Problem description: Take the lines in the listing below from the line with "Sul terrazzo più" up to and including the line with "# 간단한 시뮬레이션" and set them down exactly, skipping pictures and adding nothing.

Given records:
◇ ◇ ◇ ◇ ◇

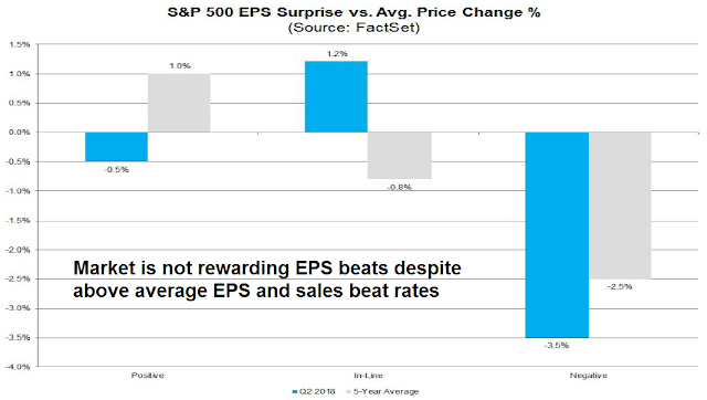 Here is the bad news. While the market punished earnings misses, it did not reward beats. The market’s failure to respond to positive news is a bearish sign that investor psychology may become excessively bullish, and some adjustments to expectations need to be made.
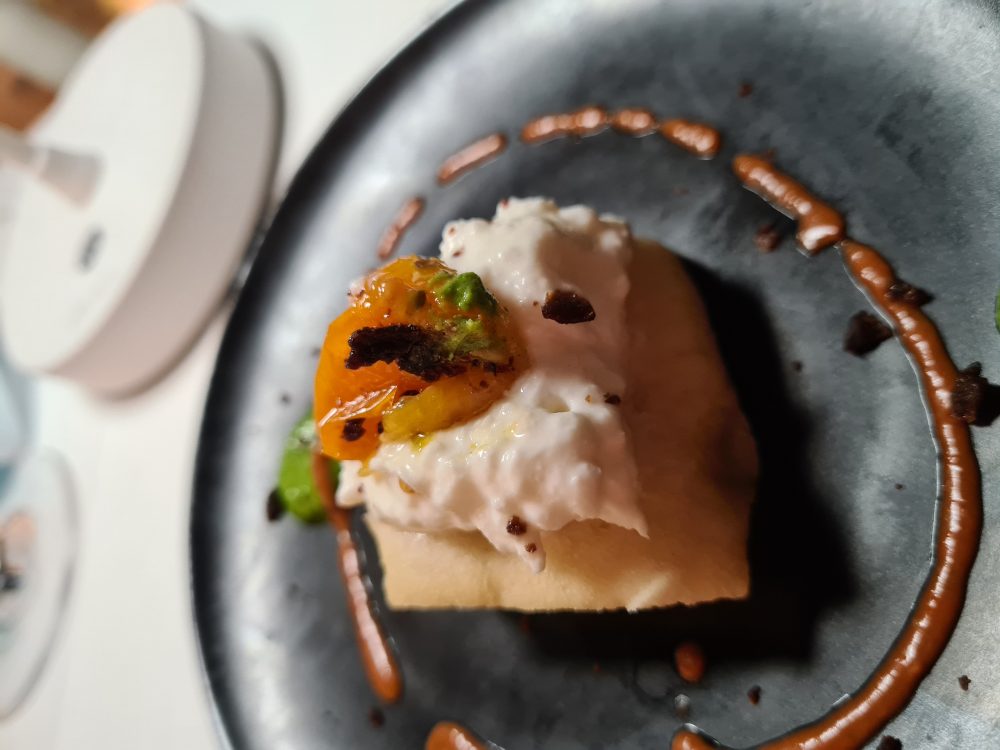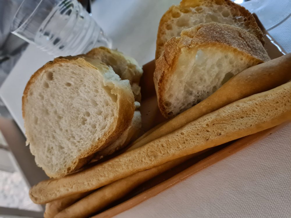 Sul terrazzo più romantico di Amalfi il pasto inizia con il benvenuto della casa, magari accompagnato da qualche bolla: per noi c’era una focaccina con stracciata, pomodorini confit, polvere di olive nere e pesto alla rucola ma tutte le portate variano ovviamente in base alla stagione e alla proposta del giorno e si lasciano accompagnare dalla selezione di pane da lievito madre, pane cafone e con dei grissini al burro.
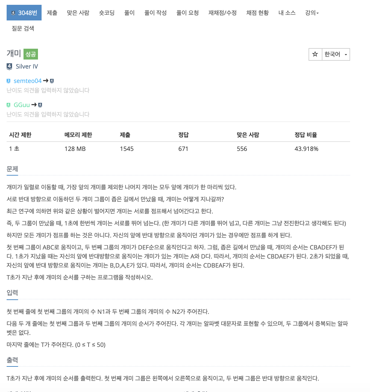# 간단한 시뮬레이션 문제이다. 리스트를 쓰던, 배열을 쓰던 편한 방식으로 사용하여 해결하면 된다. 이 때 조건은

◇ ◇ ◇ ◇ ◇

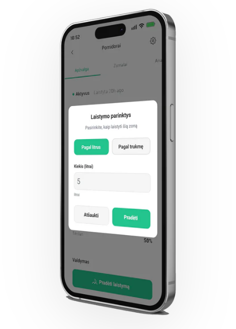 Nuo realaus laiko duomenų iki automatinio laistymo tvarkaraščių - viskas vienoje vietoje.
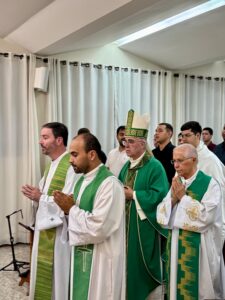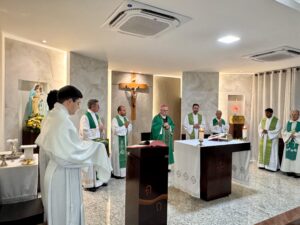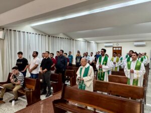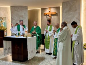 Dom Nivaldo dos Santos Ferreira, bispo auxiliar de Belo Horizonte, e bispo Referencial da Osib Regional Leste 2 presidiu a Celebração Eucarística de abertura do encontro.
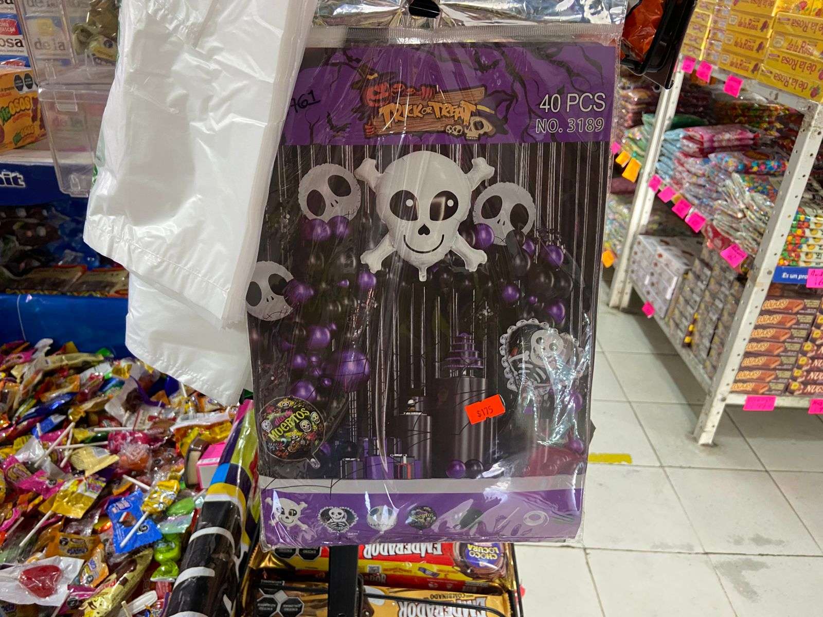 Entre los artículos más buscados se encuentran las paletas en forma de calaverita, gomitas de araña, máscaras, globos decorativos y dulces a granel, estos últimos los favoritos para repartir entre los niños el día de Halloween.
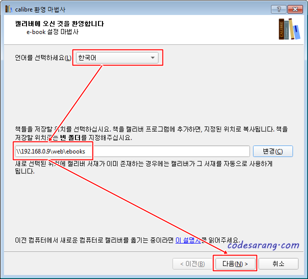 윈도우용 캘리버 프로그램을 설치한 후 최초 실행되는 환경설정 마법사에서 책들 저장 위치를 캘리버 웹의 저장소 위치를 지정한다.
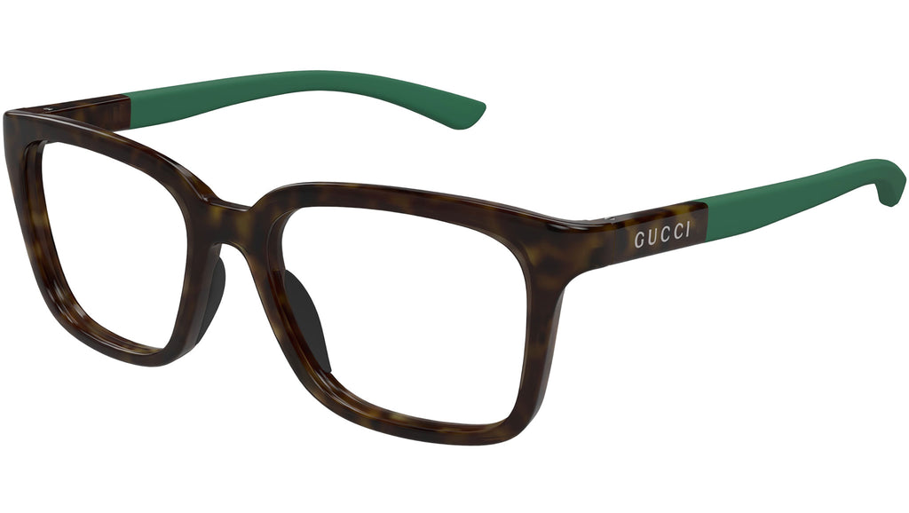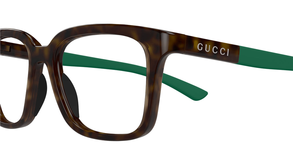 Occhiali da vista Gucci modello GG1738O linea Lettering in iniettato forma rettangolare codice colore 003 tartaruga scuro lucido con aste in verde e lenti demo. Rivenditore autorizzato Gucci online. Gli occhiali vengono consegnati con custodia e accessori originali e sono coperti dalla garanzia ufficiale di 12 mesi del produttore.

◇ ◇ ◇ ◇ ◇

Response to the task:
 Sul terrazzo più romantico di Amalfi il pasto inizia con il benvenuto della casa, magari accompagnato da qualche bolla: per noi c’era una focaccina con stracciata, pomodorini confit, polvere di olive nere e pesto alla rucola ma tutte le portate variano ovviamente in base alla stagione e alla proposta del giorno e si lasciano accompagnare dalla selezione di pane da lievito madre, pane cafone e con dei grissini al burro.
# 간단한 시뮬레이션 문제이다. 리스트를 쓰던, 배열을 쓰던 편한 방식으로 사용하여 해결하면 된다. 이 때 조건은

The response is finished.